------ Provided records
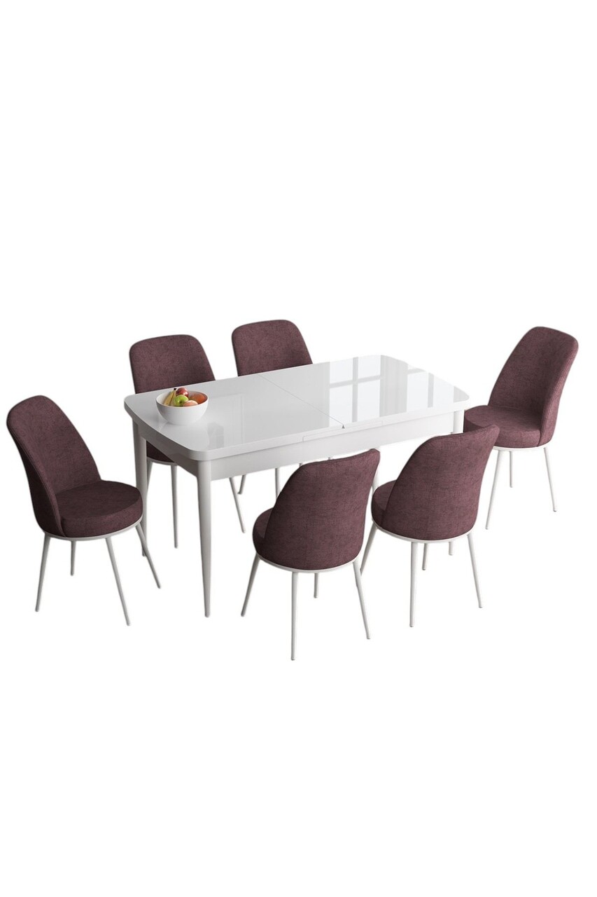 Set masa extensibila si scaune, Hanah Home, Han, Alb / Roz Păduros
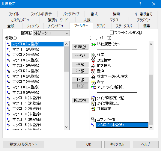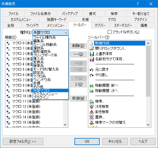 共通設定 에서 ツールバー탭을 클릭한뒤, 種別에서 外部マクロ 를 선택한다.
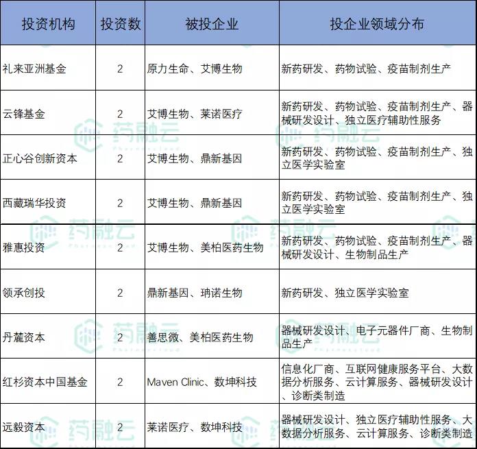 六、云峰、礼来亚洲等9家机构投资数超2笔
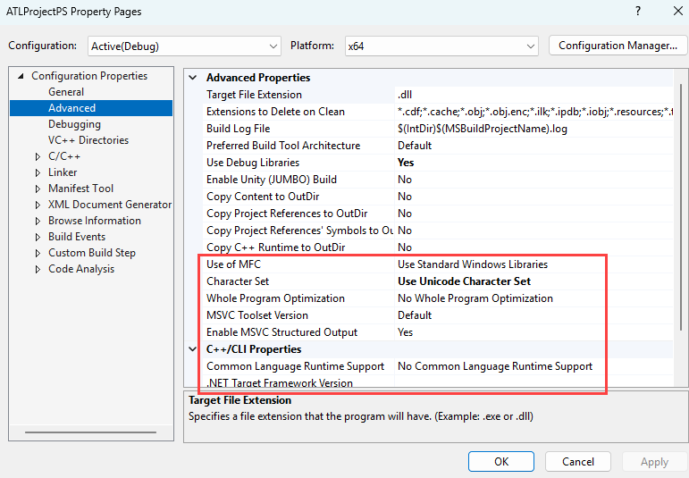 Quando você cria um projeto, o sistema atribui valores para várias propriedades. Os padrões variam um pouco, dependendo do tipo de projeto e das opções escolhidas no assistente do aplicativo. Por exemplo, um projeto ATL (Ative Template Library) tem propriedades relacionadas a arquivos MIDL (Microsoft Interface Definition Language), mas essas propriedades estão ausentes em um aplicativo de console básico. As propriedades padrão são mostradas no painel Avançado na janela Páginas de propriedades :
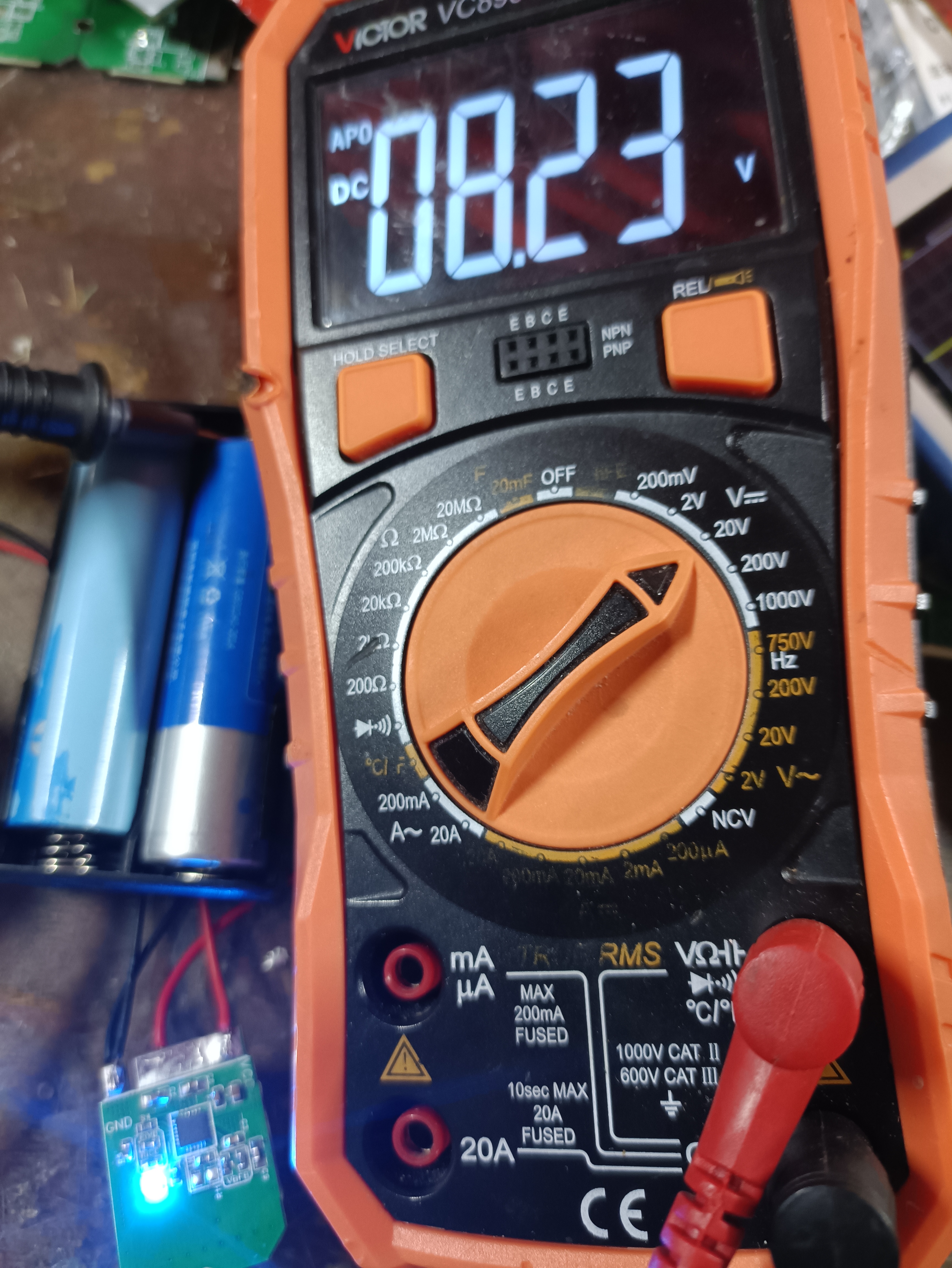 给电池充电测试,二串设置,设置电压8.3v(电阻没有,用的近似值)
------------
What the task requires:
All of the entries above are to be transcribed word for word, with no pictures included.

Expected output:
 Set masa extensibila si scaune, Hanah Home, Han, Alb / Roz Păduros
 共通設定 에서 ツールバー탭을 클릭한뒤, 種別에서 外部マクロ 를 선택한다.
 六、云峰、礼来亚洲等9家机构投资数超2笔
 Quando você cria um projeto, o sistema atribui valores para várias propriedades. Os padrões variam um pouco, dependendo do tipo de projeto e das opções escolhidas no assistente do aplicativo. Por exemplo, um projeto ATL (Ative Template Library) tem propriedades relacionadas a arquivos MIDL (Microsoft Interface Definition Language), mas essas propriedades estão ausentes em um aplicativo de console básico. As propriedades padrão são mostradas no painel Avançado na janela Páginas de propriedades :
 给电池充电测试,二串设置,设置电压8.3v(电阻没有,用的近似值)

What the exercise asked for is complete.